La vieille dame parut interloquée, et dévisagea Camille comme si elle venait de poser une question
particulièrement stupide.
— Bien entendu ! J’y suis même née, figurez-vous ! Tout comme mes frères. Ah non, sauf Pierre,
rectifia-t-elle avec un froncement de sourcils. La grossesse de ma mère a été compliquée, et on nous a
toujours dit qu’elle avait accouché à l’hôpital de Morlaix.
Camille tenta de renouer le fil de la conversation :
— Je vous disais donc que je n’avais pas retrouvé énormément de documents à Porz-Gwint. Bien
entendu, le temps m’a manqué pour pousser plus avant, mais…
Lucienne Lamblé la fixait sans ciller, impassible, et Camille fut obligée d’expliquer :
— Je n’ai pu travailler que quelques heures dans la bibliothèque, avant que… avant…
Elle quêta du regard un secours du côté de Me Lantier, qui, cette fois-ci, parut soudain saisir son
embarras, et s’empressa :
— Nous comprenons !
— Pauvre enfant…, intervint alors Lucienne Lamblé en secouant la tête.
L’espace d’un instant, Camille se demanda à qui la vieille dame faisait allusion. Puis elle comprit que
la « pauvre enfant » était Marie-Jeanne. Curieuse façon de parler de sa fille, particulièrement lorsque
celle-ci vient de disparaître dans des circonstances terribles. La seule allusion de Lucienne Lamblé à son
frère Pierre lui avait semblé résonner de davantage d’affection, de tendresse même. En même temps, lui
revinrent en écho les paroles de Marie-Jeanne lors de leur première rencontre : « Maman est une femme
profondément indifférente. » Était-ce cela ? S’agissait-il d’indifférence, en définitive ?
— Enfin, poursuivit la vieille dame d’un ton grinçant, au moins, ce charlatan de Corsican ne touchera
plus un centime de Marie-Jeanne !
Elle se redressa sur sa bergère à la délicate tapisserie bleu pâle, dont la nuance faisait écho à son
châle.
— Il faut retrouver Marcel ! jeta-t-elle d’un ton impérieux. Je n’ai plus personne, à présent… que mon
neveu.
Elle semblait de nouveau habitée par cette volonté, pour ne pas dire cette morgue qui avait frappé
Camille lors de leur première rencontre, en dépit même de ses égarements, ou absences, la généalogiste
ne savait comment les baptiser. Cette fois-ci, ce fut l’avocat qui lança à Camille un bref coup d’œil.

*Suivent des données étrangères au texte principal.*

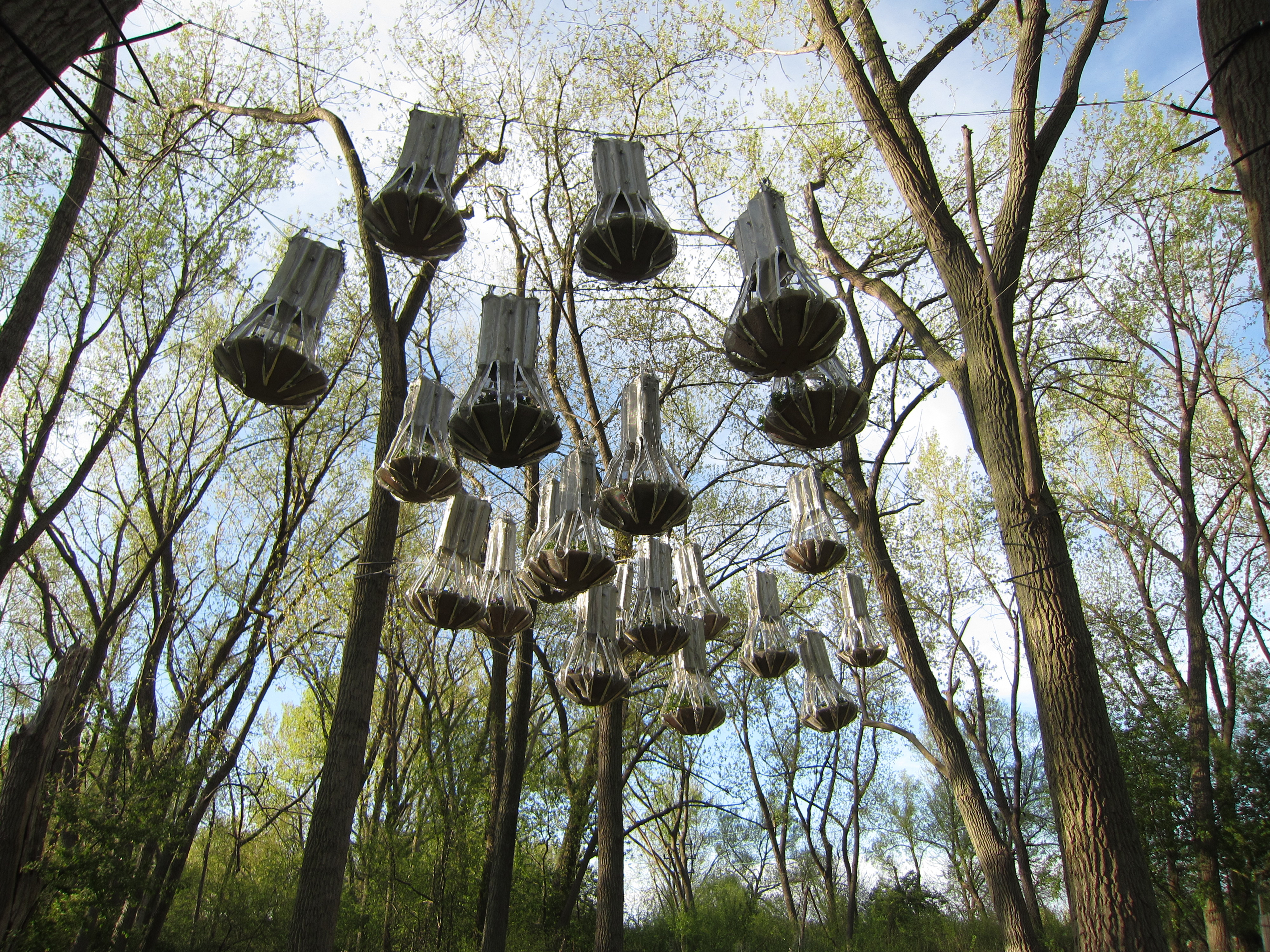 Recent works by Hwang include Bat Cloud, a cluster of stainless steel mesh pods suspended from trees in Buffalo’s Tifft Nature Preserve. Bats can roost and feed in the pods, which are filled with soil and native plants. From below, the shimmering installation resembles a cluster of roosting bats.

— Jacques, j’en profite pour vous prévenir que je ne retourne pas à You’ch Rust, vous pourrez me
joindre ici. J’ai longuement hésité, mais je préfère attendre le résultat des recherches de Mlle Dantès.
— Vous savez, ce type d’enquête peut prendre un certain temps, hasarda la généalogiste.

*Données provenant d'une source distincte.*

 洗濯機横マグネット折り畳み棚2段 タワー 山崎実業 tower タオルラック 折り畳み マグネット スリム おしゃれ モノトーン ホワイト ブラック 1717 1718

Lucienne Lamblé balaya la remarque d’un geste de la main.
— Peu importe !
Elle se tourna vers Me Lantier :
— D’ailleurs, Jacques, avons-nous finalisé le contrat avec l’entreprise de mademoiselle ?

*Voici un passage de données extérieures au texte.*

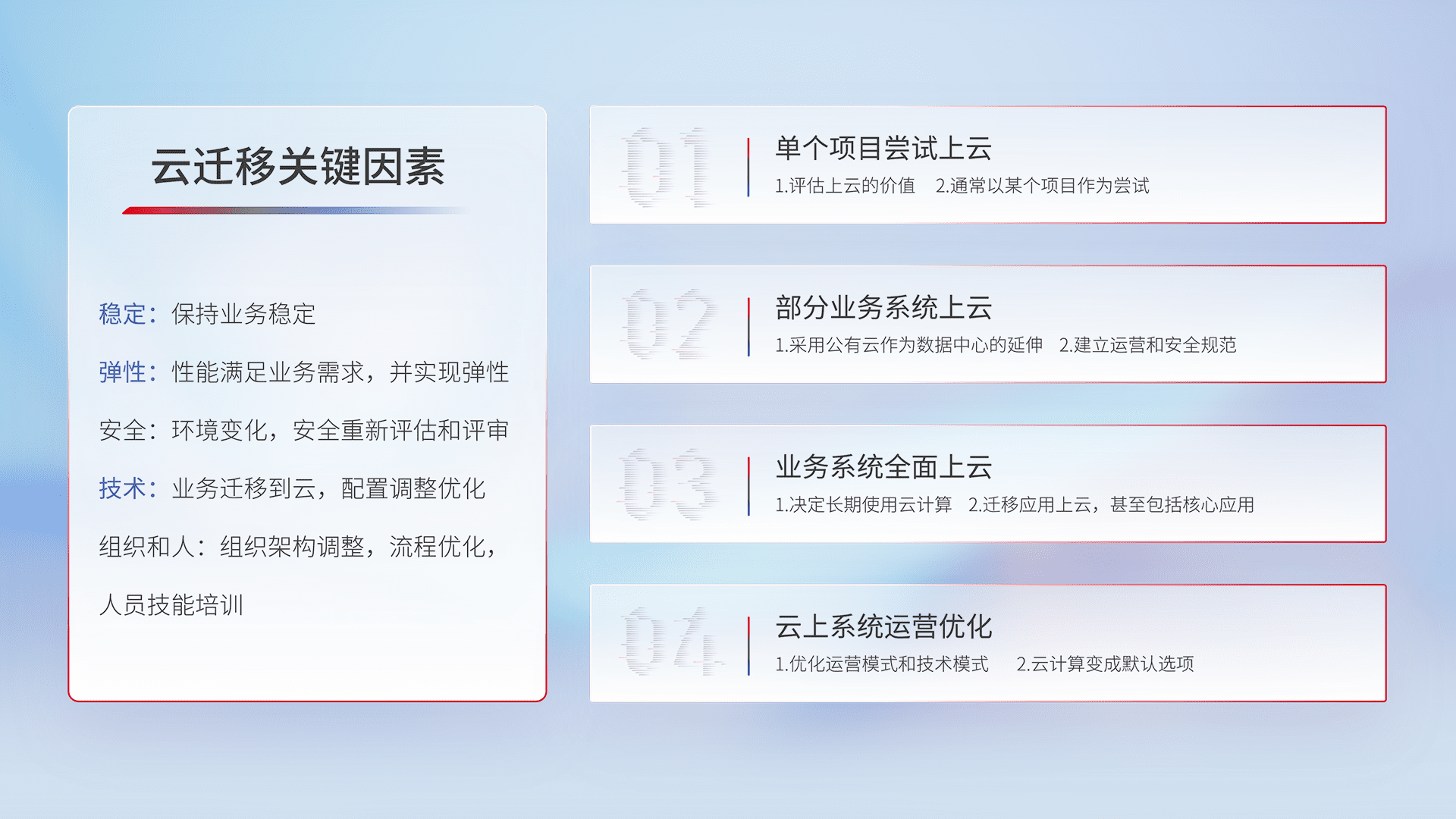 结合实际业务,,,,从规划设计、、、云平台选型、、、、云原生改造、、、、数据迁移、、、、集成交付,,,,迁移全过程为客户识别最佳上云路径,,,,做好风险识别管理,,设计网络架构、、、、身份权限、、安全审计合规、、操作审计、、日志审计、、监控告警策略、、多站点容灾设计等,,,对云上基础设施进行整体规划,,提升IT治理水平,,,,以满足弹性、、高可用、、高性能的需求。。

La question prit de court l’avocat, tout autant que Camille. Lucienne Lamblé paraissait définitivement
sortie de ses souvenirs.
— Le projet est prêt, affirma-t-il. Mais avec le… enfin, la disparition de votre fille…
— Eh bien, réglez cela au plus vite ! le coupa-t-elle d’un ton impatient, que mademoiselle se remette
au travail.
L’avocat glissa un regard agacé en direction de Camille.
— Je préviens mon assistante, et vous pouvez venir au cabinet dès que vous le souhaitez.
— Je n’y manquerai pas.
7.
Le journal atterrit avec un bruit sec sur le plateau de bois ciré, et manqua
de renverser un encrier.
Avec un sursaut, Georges releva la tête :
— Tu es fou ! Qu’est-ce qui te prend ?
Pierre ramassa le journal qu’il venait de jeter avec violence sur le bureau derrière lequel était assis
son frère. Celui-ci rajusta les pans de son costume croisé et se redressa dans une vaine tentative pour
bomber le torse. Une teinte rosée avait envahi ses joues pâles un peu rebondies. Il passa un index
nerveux sur sa moustache blonde, dont le port était destiné à le vieillir un peu. Pierre déplia le journal
en allemand, organe officiel de l’Occupation depuis le mois de janvier, dont le titre s’étirait en pleine
page : Pariser Zeitung. Il sauta les quelques pages en français et pointa du doigt une feuille
visiblement constituée de publicités. Au milieu des dizaines d’entreprises de travaux publics et de
sidérurgie, auxquelles se mêlaient quelques enseignes de haute couture et de parfumerie vantant leurs
produits trois fois moins chers qu’à l’étranger, un encadré proposait les services de l’entreprise
familiale Arbogaste, à la compétence reconnue sur de nombreux chantiers.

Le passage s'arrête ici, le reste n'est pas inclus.